─── MATERIAL PROVIDED ───

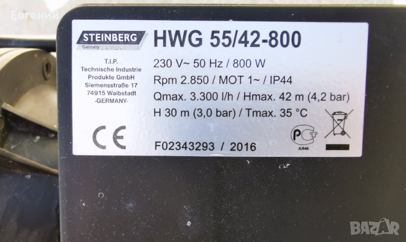 Хидрофорна помпа"STEINBERG HWG 55/42-800":-
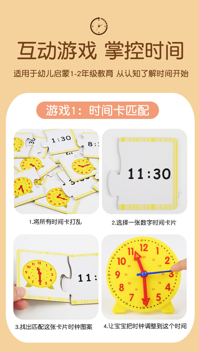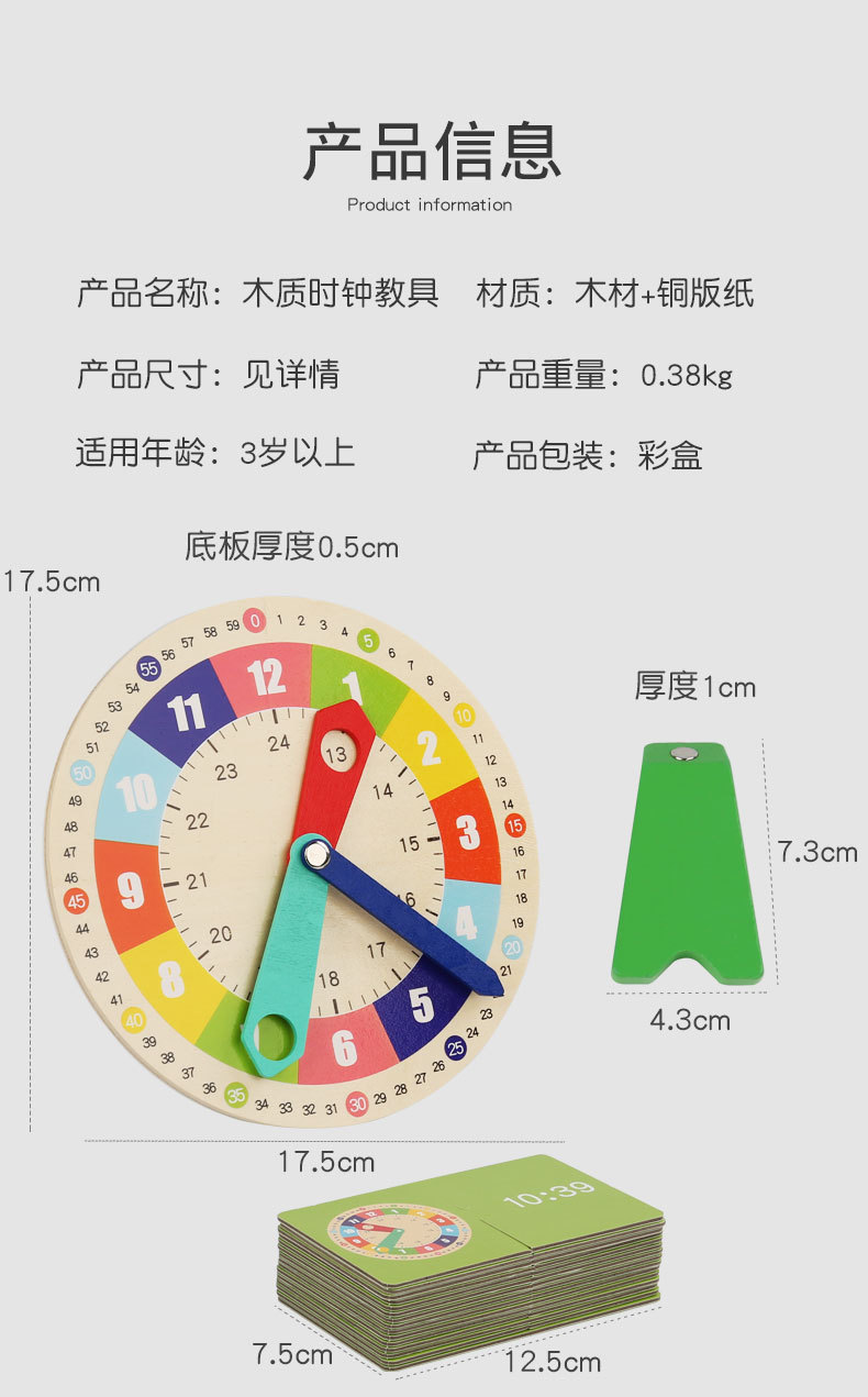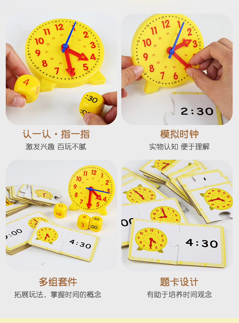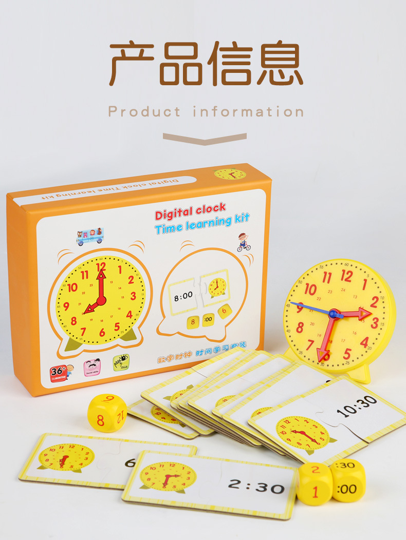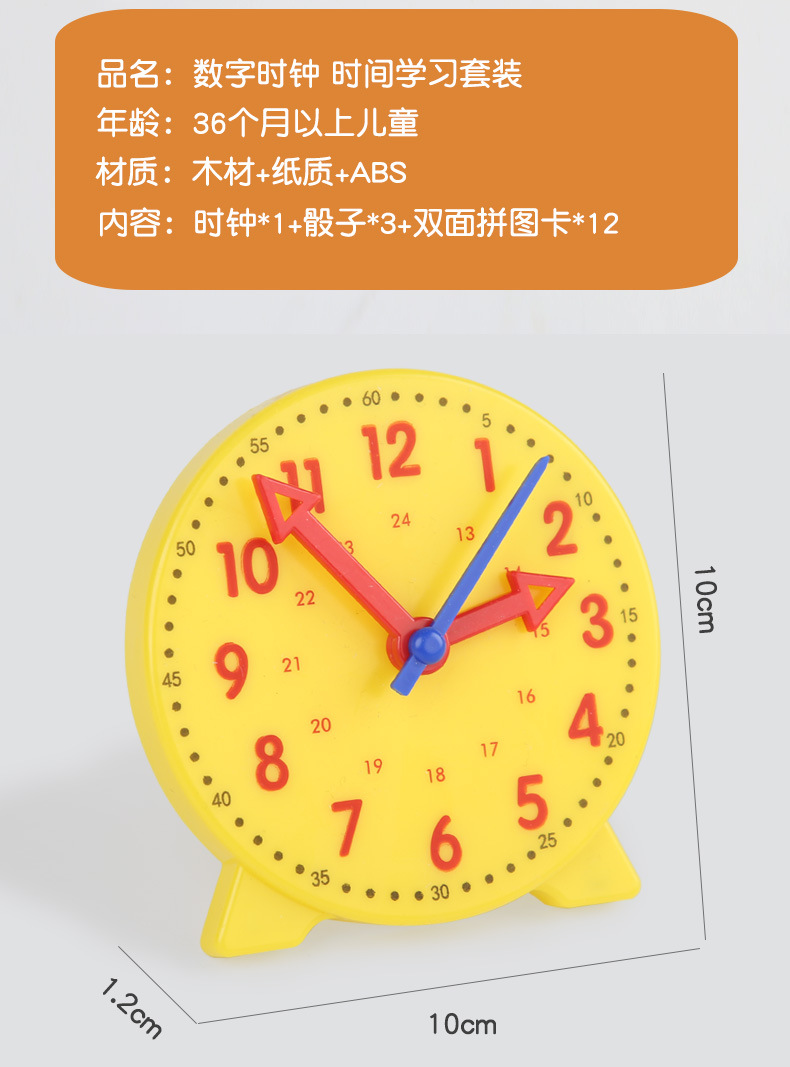 儿童益智早教数字时钟教具幼儿园小学生认识时间钟表模型玩具批发
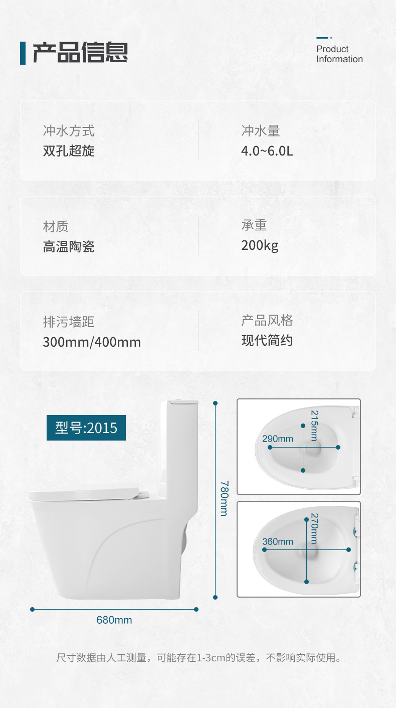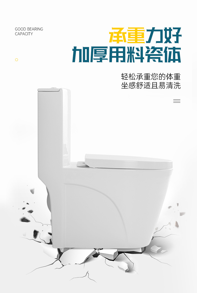 普通一体式坐便器酒店家用节水静音超漩式卫生间洁具陶瓷釉面马桶
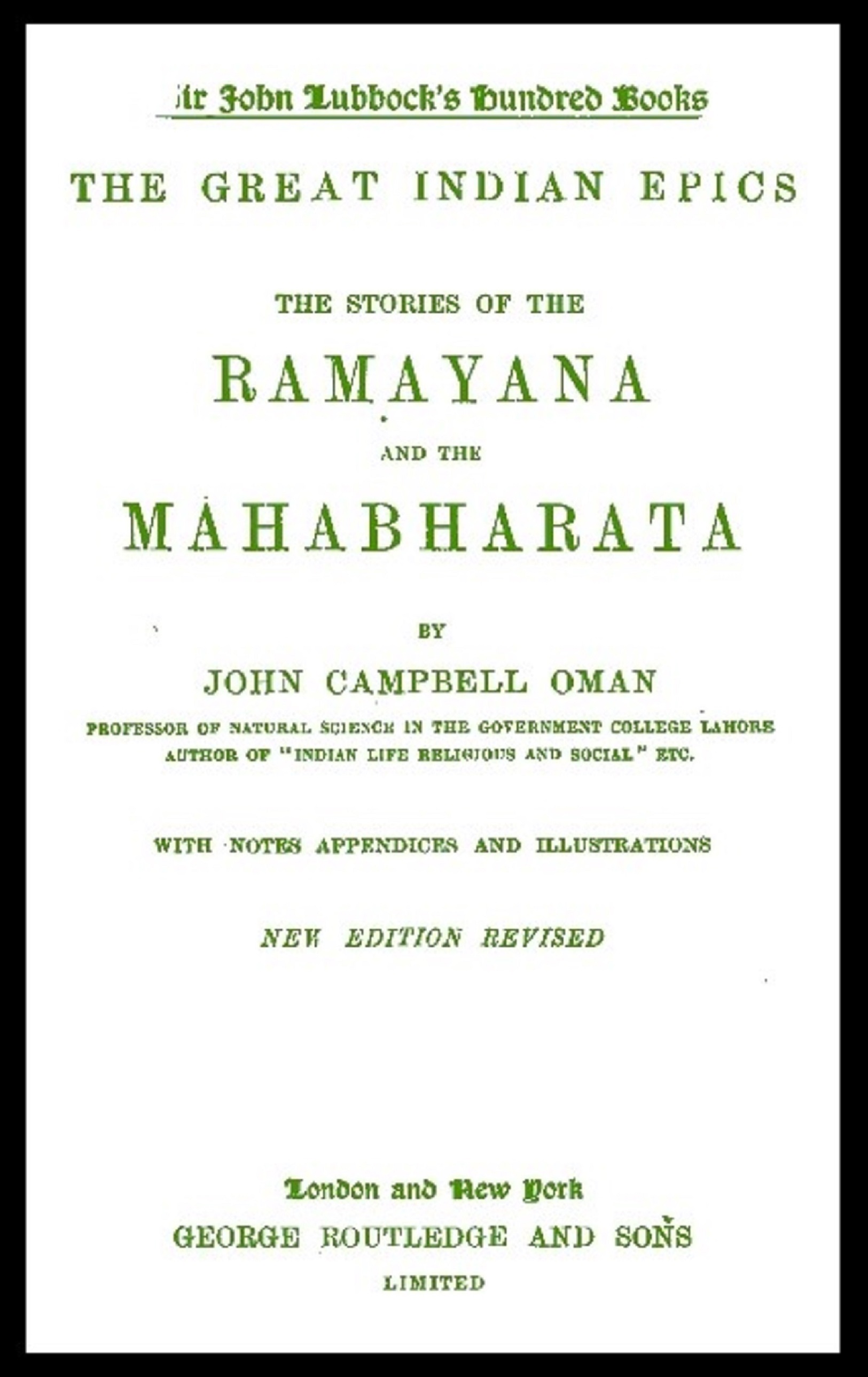 Such being the case, I make no apology for the appearance of this little volume, in which I have not only tried to reproduce faithfully, in a strictly limited space, the main incidents and more striking features of those gigantic and wonderful creations of the ancient bards of India—the “Ramayana” and “Mahabharata”—but also to direct attention to the abiding influence of those works upon the habits and conceptions of the modern Hindu.
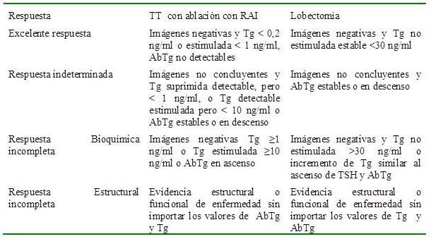 Las herramientas en el tratamiento para el CDT son: la cirugía que es el pilar fundamental, el tratamiento con hormona tiroidea para suprimir el TSH y yodo radiactivo 131I (13).
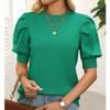 Женский повседневный и модный однотонный свитер с круглым вырезом и короткими рукавами
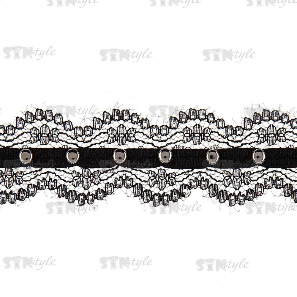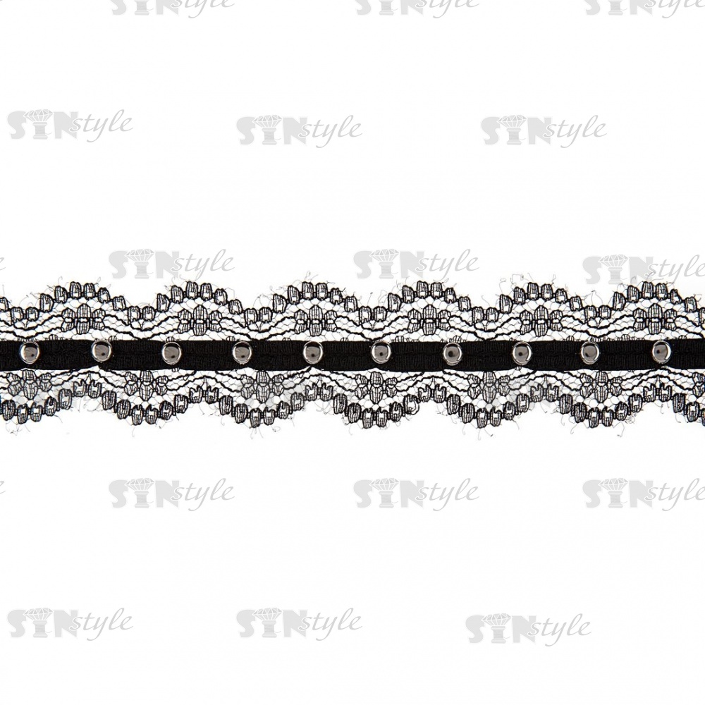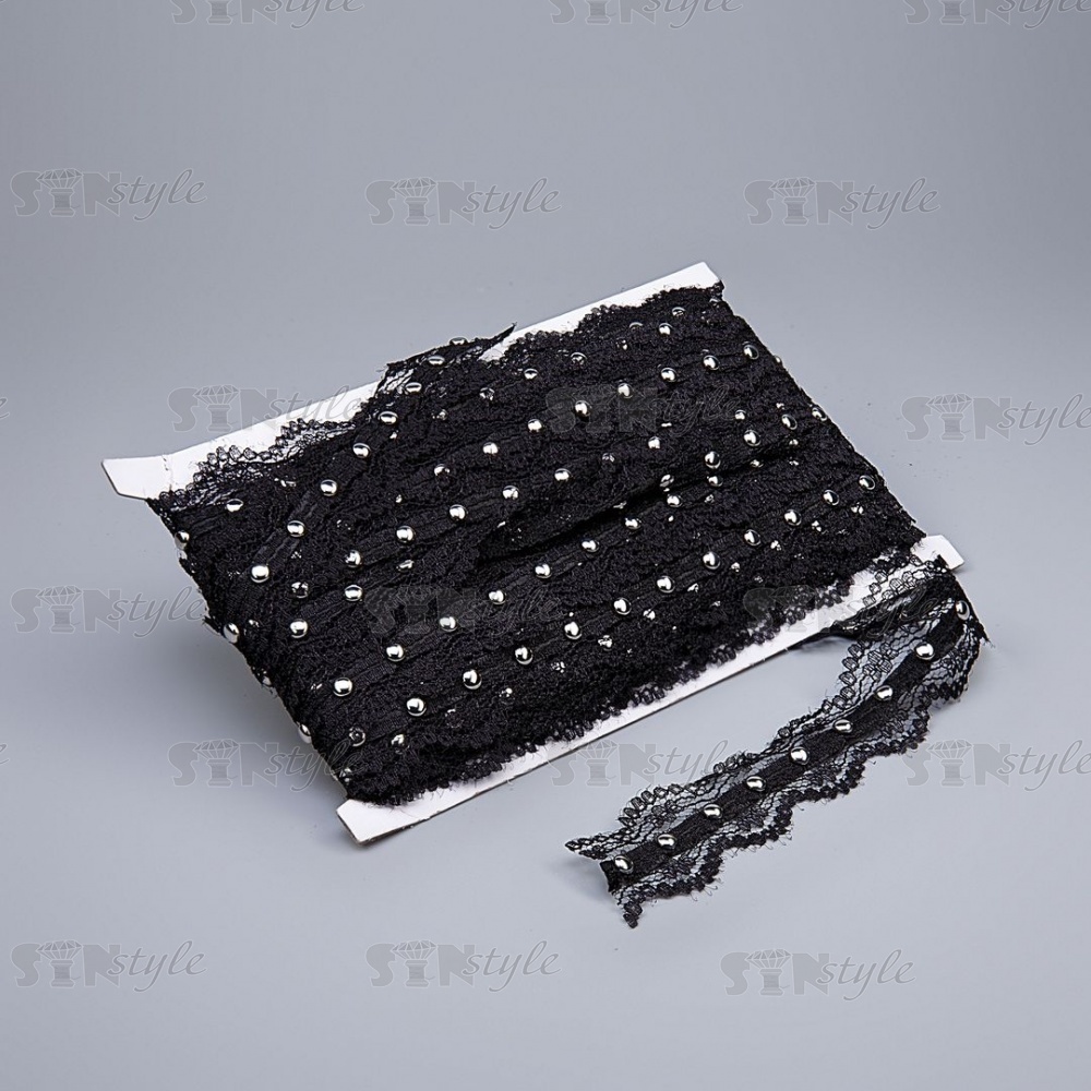 Кружево ажурное, отделанное тесьмой с заклепками, ширина 25 мм, намотка 15 ярдов, цвет черны+темный никель

───

> [WHAT THE EXERCISE ASKS]:
Reproduce the material above from its first line through the line containing "Such being the", both ends included, and skip every picture.

> [RESULT OF THE EXERCISE]:
 Хидрофорна помпа"STEINBERG HWG 55/42-800":-
 儿童益智早教数字时钟教具幼儿园小学生认识时间钟表模型玩具批发
 普通一体式坐便器酒店家用节水静音超漩式卫生间洁具陶瓷釉面马桶
 Such being the case, I make no apology for the appearance of this little volume, in which I have not only tried to reproduce faithfully, in a strictly limited space, the main incidents and more striking features of those gigantic and wonderful creations of the ancient bards of India—the “Ramayana” and “Mahabharata”—but also to direct attention to the abiding influence of those works upon the habits and conceptions of the modern Hindu.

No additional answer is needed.